Because it was a new solution for us, we had a company that works with Microsoft assist us, to make sure that all the configurations were standard. But since then, we've maintained most of it ourselves. On our side there were no more than five people involved.

It's a very expensive product, but for any threat it has definitely stopped or protected us from, in that sense, it has saved money and time, by preventing things that could have happened. But is it affordable? No, it's expensive.

If you look at everything that the solution entails, and the big cost to companies, especially medium-sized companies, one would like to have a bit of a price decrease due to economic circumstances. The functionality is fantastic, but for medium and small-sized companies it's overpriced. It would be better if it were a little bit cheaper.

We did look at other solutions. In the end, we decided on 365 Defender because it was all integrated. It worked to our advantage because all the products that we needed were already on the machines. All the products that you get from the Defender area are part of the built-in Windows 10 features. It gave us a better way of controlling and managing things. Overall, it made more sense to have one central place to manage and control and be alerted.

My advice is don't be frightened when you start getting into the solution. If you are not used to the environment, it is a mouthful, and it can really scare your socks off. There's just so much to it that you won't really know where to start.

The best thing I can recommend to anybody who is starting is to get somebody who knows the system to give you a walkthrough. Also, look at the tutorials to see what the functionalities are. It will be beneficial for any person to get a good overview of what's going on in 365 Defender, the capabilities and how it looks.
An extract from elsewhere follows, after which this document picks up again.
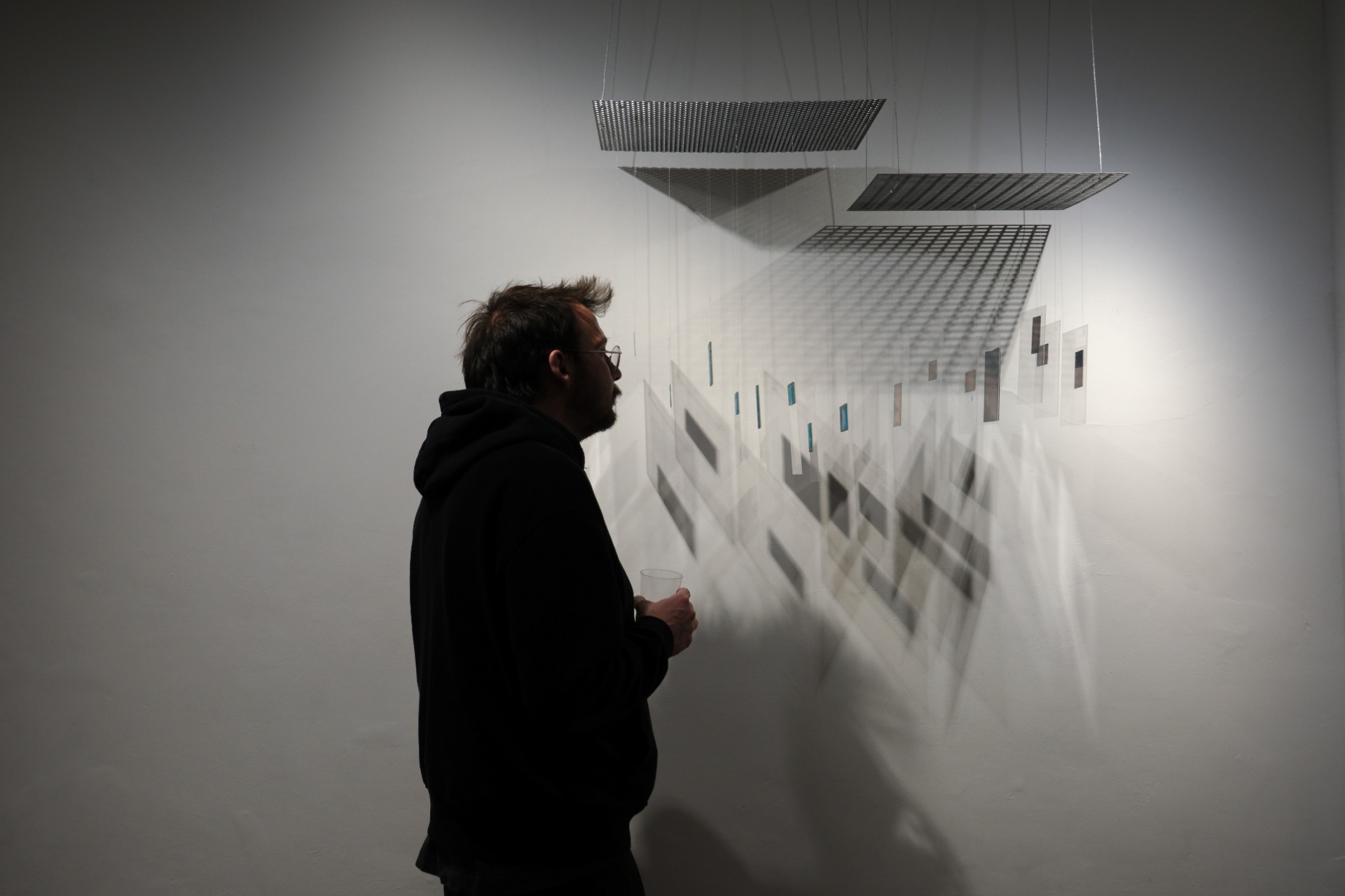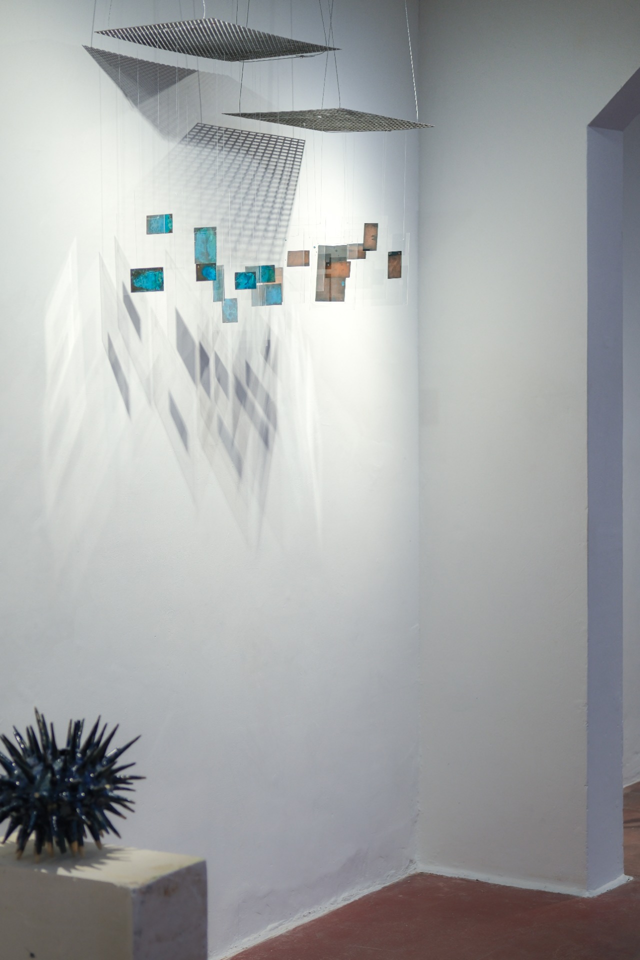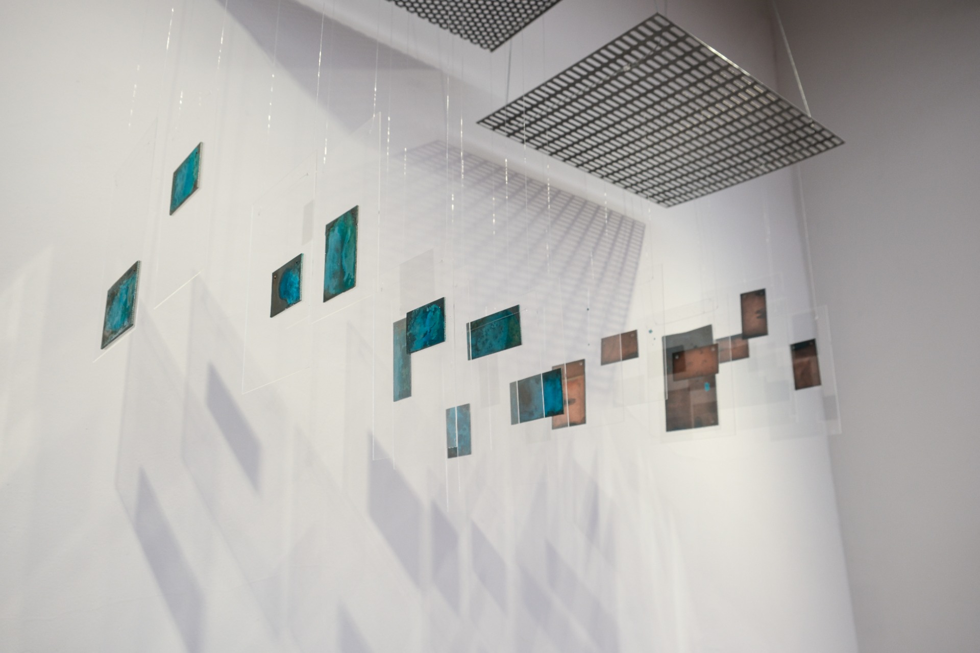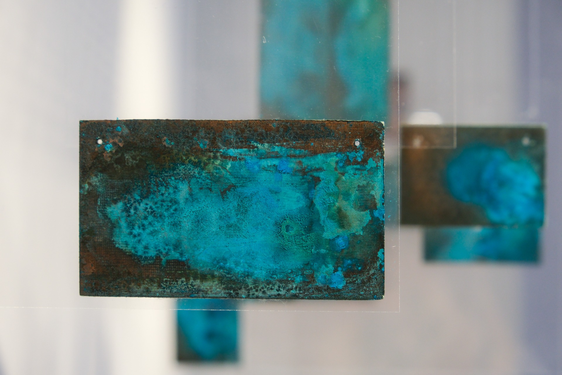 The work adopts the logic of specimen display. Copper plates, initially encountered as a bulk of found material, are gathered onto a single surface and reorganised within a new system. They are oxidised together through vinegar and ammonium fumes, then scratched, sanded, worn, and fumed again. In the final stage, individual fragments are selected from this larger system, isolated, and held between transparent planes, as though excised from a body and prepared for microscopic examination.

But getting in contact with somebody who has some experience already in using it will help you to ask where to find things. "Where do I go from here? Show me how you're set up, so I can at least see some of the functionalities."

My very first impression of 365 Defender was that I was looking for something, but I didn't even know where to start. It was too overwhelming. As I spoke to other people who knew about the system, they gave me an overview and that made it easier for me to understand and to know where to go.

365 Defender is our main deployment, but we've got the endpoints also connected on Intune. They work together to deliver coordinated detection and response in our environment. Our complete suite is pretty much all Microsoft. Our environment is a 50/50 hybrid. We use Intune for certain policy changes and some of the deployments. But because our environment has a lot of legacy systems, we make use of the normal, on-prem deployment services as well.

Sentinel is linked to our on-premises Active Directory. It helps identify things that are happening on-prem. For example, when a user's account instance gets locked out, it will show you, on Defender, from which local machine it was locked out. Or if certain things are accessed, it will show that information on the on-prem Active Directory. It works well. For investigating and responding to threats, it definitely helps by dumping the information in a centralized location with the alerts to identify a bit more flow pattern. If something happens that's not on the cloud area, but it's on-prem, it helps track and identify movement. The information from Sentinel is an added bonus.

Overall, Defender 365 has saved us time, compared to the old ways of doing things, but at the same time, I wish the site was faster. Sometimes it can be very slow.

Best-of-breed solutions versus a single vendor's suite comes down to personal experience. With best-of-breed, at least you know that they have been tested in the industry and have a lot of history behind them. Also, the redundancy would be a lot better. Going with a single vendor sometimes makes it a little bit difficult, especially if they are only focusing on one area. It's a difficult question. It might come down to the way someone was "brought up" in the security industry or the way that they trust these companies.

I give Microsoft 365 Defender a nine out of 10. Once you get to know the system, it's really awesome. It provides a lot of insights.